Systematic unfairness embedded in algorithmic outputs due to biased data or design.
Algorithmic bias occurs when machine learning models or automated decision systems produce outputs that systematically disadvantage certain individuals or groups based on characteristics such as race, gender, age, or socioeconomic status. This bias can originate from multiple sources: training data that reflects historical inequalities, design choices that inadvertently encode human prejudices, or feedback loops that amplify small initial disparities over time. Because modern ML systems learn statistical patterns from data, they readily absorb and reproduce whatever biases exist in that data — sometimes in subtle, hard-to-detect ways.

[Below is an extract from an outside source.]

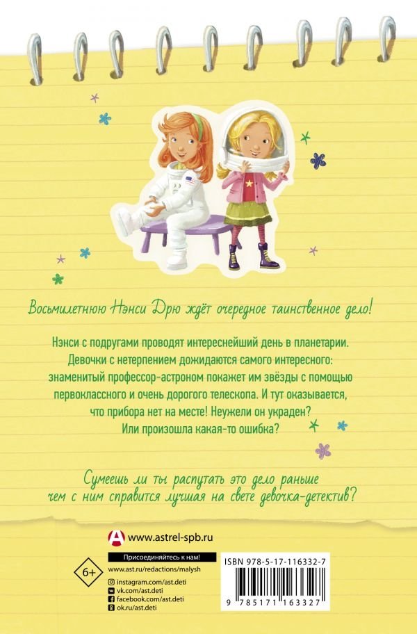 Нэнси с подругами проводят интереснейший день в планетарии. Девочки с нетерпением дожидаются самого интересного: знаменитый профессор-астроном покажет им звёзды с помощью первоклассного и очень дорогого телескопа. И тут оказывается, что прибора нет на месте! Неужели он украден? Или произошла какая-то ошибка?
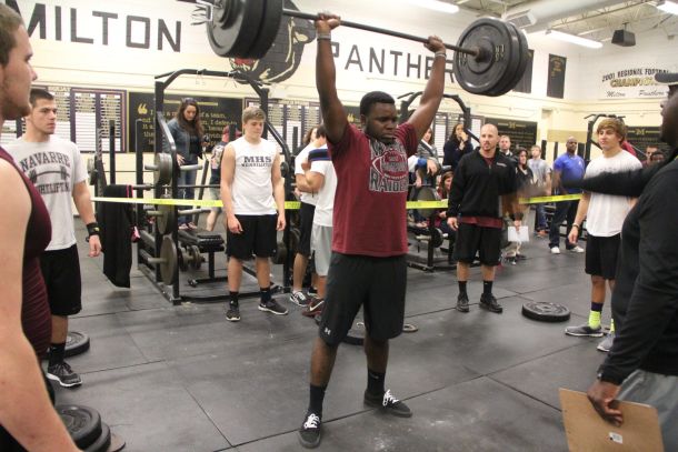 Navarre High School’s boys’ weightlifters traveled to Milton and dominated the five heavier weight divisions, winning the dual meet by a 52-38 score.

Detecting algorithmic bias typically involves auditing model outputs across demographic subgroups and measuring disparities in error rates, approval rates, or other outcomes. Common fairness metrics include demographic parity (equal outcome rates across groups), equalized odds (equal true and false positive rates), and individual fairness (similar treatment for similar individuals). A persistent challenge is that these metrics are often mathematically incompatible with one another, meaning that optimizing for one definition of fairness can worsen another — a tension that has no purely technical resolution and requires normative judgment about what fairness means in a given context.

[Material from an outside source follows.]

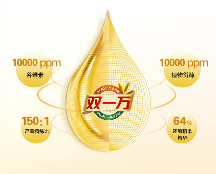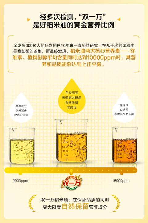 二流的企业做产品,一流的企业做标准。从2006年稻米油立项开始,金龙鱼10年科研投入,经上千次实验,终于不负众望,在不损失品质的前提下,突破性研发出谷维素和植物甾醇平均含量同时达到10000ppm的稻米油,被业界称为“双一万”。

Mitigation strategies operate at multiple stages of the ML pipeline. Pre-processing techniques rebalance or re-weight training data to reduce representational skew. In-processing methods incorporate fairness constraints directly into the model's objective function during training. Post-processing approaches adjust model outputs after the fact to equalize outcomes across groups. None of these methods eliminates bias entirely, and each involves trade-offs with predictive accuracy or other performance goals.
The stakes are highest in domains where algorithmic decisions carry serious real-world consequences — criminal risk scoring, loan approvals, medical diagnosis, and hiring. In these settings, biased models can entrench and amplify existing social inequalities at scale, affecting millions of people with limited opportunity for recourse. This has driven growing regulatory attention, with frameworks such as the EU AI Act requiring bias assessments for high-risk systems, and has made algorithmic fairness a central concern in responsible AI development.